▼

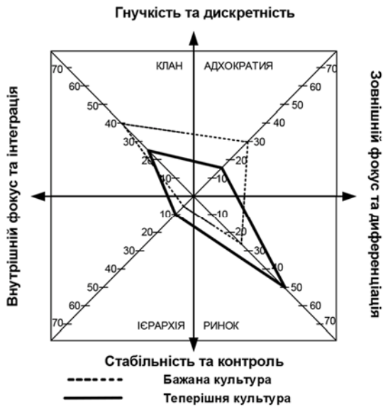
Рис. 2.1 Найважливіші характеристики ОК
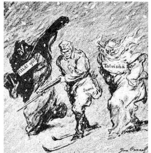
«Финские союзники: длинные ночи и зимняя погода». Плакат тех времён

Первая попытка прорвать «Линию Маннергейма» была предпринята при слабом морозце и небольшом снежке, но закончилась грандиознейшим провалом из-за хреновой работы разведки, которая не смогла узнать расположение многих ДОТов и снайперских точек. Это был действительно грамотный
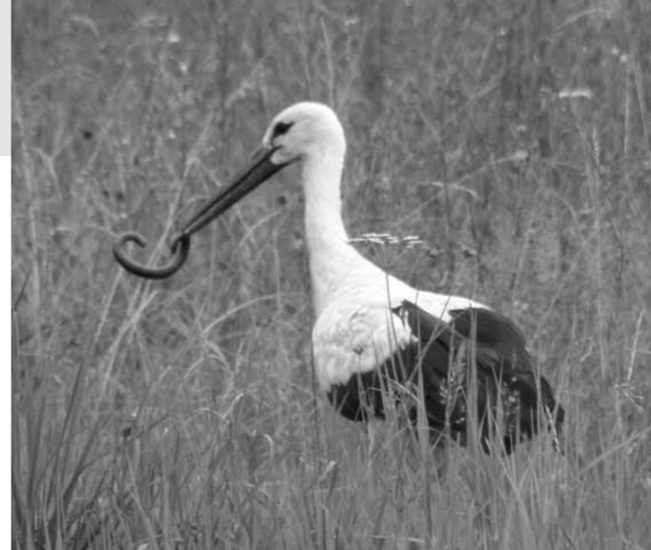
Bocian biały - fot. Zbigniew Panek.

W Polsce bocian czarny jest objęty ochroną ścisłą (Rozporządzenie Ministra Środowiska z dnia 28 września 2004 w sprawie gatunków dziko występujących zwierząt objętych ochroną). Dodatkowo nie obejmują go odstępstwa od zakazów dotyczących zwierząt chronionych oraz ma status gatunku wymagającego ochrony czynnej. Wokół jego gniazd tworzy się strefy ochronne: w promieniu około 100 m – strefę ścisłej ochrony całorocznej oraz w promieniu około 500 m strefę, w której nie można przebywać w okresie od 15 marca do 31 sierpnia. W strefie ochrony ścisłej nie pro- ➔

▲
▼

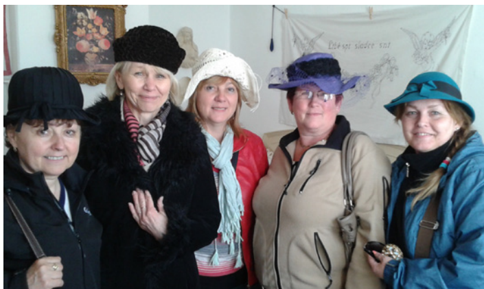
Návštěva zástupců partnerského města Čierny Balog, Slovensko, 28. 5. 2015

▲

PROBLEM STATEMENT
Reproduce, word for word, only the lines in the records above from the line with "Рис. 2.1 Найважливіші характеристики ОК" through the line with "Bocian biały - fot. Zbigniew Panek.", including both ends; omit the pictures.

ANSWER BELOW
Рис. 2.1 Найважливіші характеристики ОК
«Финские союзники: длинные ночи и зимняя погода». Плакат тех времён

Первая попытка прорвать «Линию Маннергейма» была предпринята при слабом морозце и небольшом снежке, но закончилась грандиознейшим провалом из-за хреновой работы разведки, которая не смогла узнать расположение многих ДОТов и снайперских точек. Это был действительно грамотный
Bocian biały - fot. Zbigniew Panek.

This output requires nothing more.